*What to work on:*
In the entries below, begin at the line with "绝对是前期冲榜必备之选,七日" and stop after the line with "M877 ターコイズ トルコ石"; output those lines exactly and omit the pictures.

*Records for this task:*
---

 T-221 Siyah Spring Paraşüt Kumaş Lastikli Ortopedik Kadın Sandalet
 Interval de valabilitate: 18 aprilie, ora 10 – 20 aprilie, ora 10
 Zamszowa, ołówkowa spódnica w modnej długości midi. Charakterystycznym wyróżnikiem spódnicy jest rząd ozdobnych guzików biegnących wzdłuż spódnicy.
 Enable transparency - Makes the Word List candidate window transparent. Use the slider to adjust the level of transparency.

---

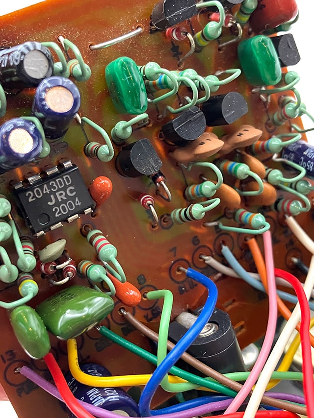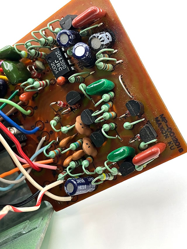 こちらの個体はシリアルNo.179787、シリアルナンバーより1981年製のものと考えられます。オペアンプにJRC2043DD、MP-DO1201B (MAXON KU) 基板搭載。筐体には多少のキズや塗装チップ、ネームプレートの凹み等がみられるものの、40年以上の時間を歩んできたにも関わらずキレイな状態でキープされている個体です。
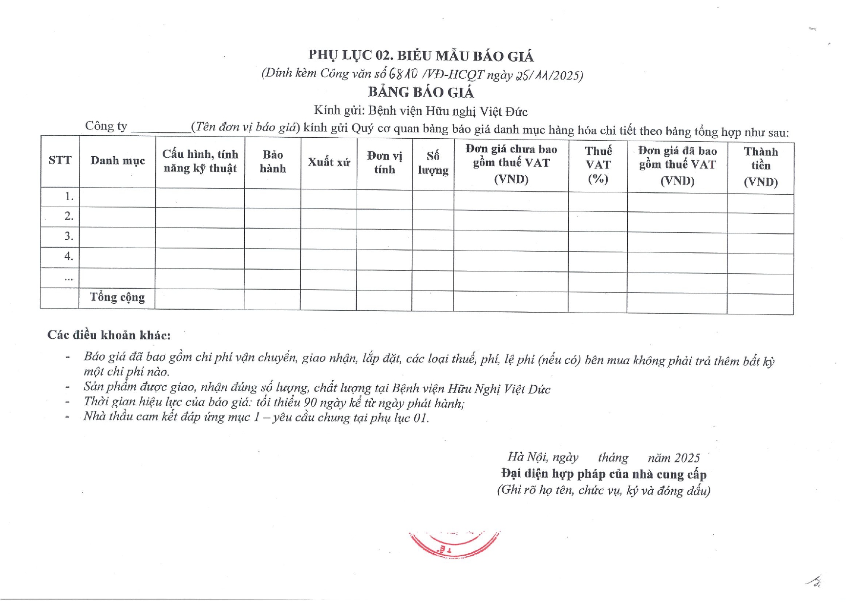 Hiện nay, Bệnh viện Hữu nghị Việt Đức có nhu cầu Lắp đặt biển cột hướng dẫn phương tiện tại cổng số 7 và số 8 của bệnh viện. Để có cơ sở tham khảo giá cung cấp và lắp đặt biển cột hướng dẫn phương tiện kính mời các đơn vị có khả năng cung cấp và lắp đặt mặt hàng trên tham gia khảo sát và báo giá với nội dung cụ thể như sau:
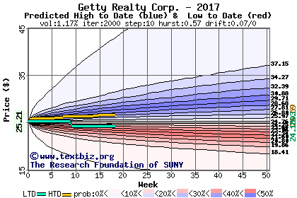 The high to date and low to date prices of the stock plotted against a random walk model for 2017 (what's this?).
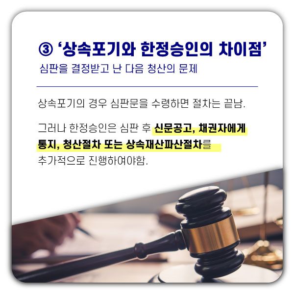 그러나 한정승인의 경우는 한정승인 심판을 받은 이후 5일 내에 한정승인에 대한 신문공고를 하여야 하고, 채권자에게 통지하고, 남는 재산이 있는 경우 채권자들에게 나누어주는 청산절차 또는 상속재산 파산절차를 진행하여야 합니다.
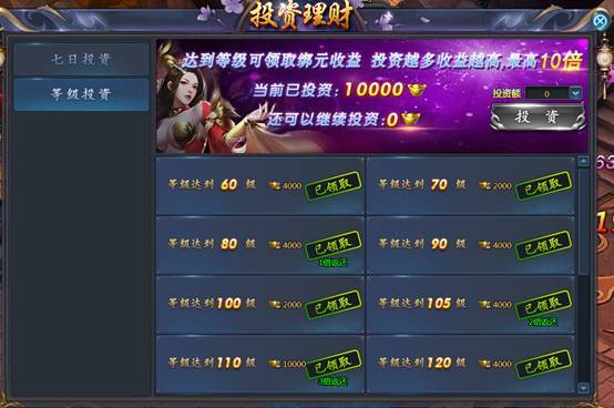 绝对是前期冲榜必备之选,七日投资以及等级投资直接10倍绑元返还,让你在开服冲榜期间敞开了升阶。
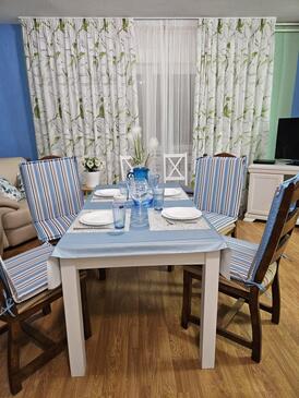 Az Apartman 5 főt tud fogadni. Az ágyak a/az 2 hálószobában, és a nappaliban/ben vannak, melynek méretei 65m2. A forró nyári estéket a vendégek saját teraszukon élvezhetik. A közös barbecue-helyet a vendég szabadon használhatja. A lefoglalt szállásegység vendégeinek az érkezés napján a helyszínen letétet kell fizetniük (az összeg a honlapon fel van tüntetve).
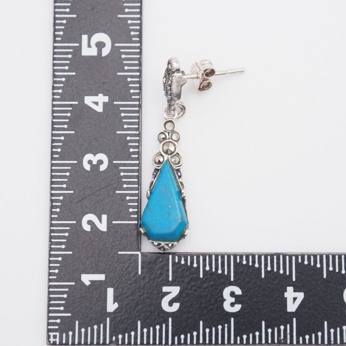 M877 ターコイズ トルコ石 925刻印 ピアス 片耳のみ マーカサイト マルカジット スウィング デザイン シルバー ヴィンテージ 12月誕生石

---

*Output for this task:*
 绝对是前期冲榜必备之选,七日投资以及等级投资直接10倍绑元返还,让你在开服冲榜期间敞开了升阶。
 Az Apartman 5 főt tud fogadni. Az ágyak a/az 2 hálószobában, és a nappaliban/ben vannak, melynek méretei 65m2. A forró nyári estéket a vendégek saját teraszukon élvezhetik. A közös barbecue-helyet a vendég szabadon használhatja. A lefoglalt szállásegység vendégeinek az érkezés napján a helyszínen letétet kell fizetniük (az összeg a honlapon fel van tüntetve).
 M877 ターコイズ トルコ石 925刻印 ピアス 片耳のみ マーカサイト マルカジット スウィング デザイン シルバー ヴィンテージ 12月誕生石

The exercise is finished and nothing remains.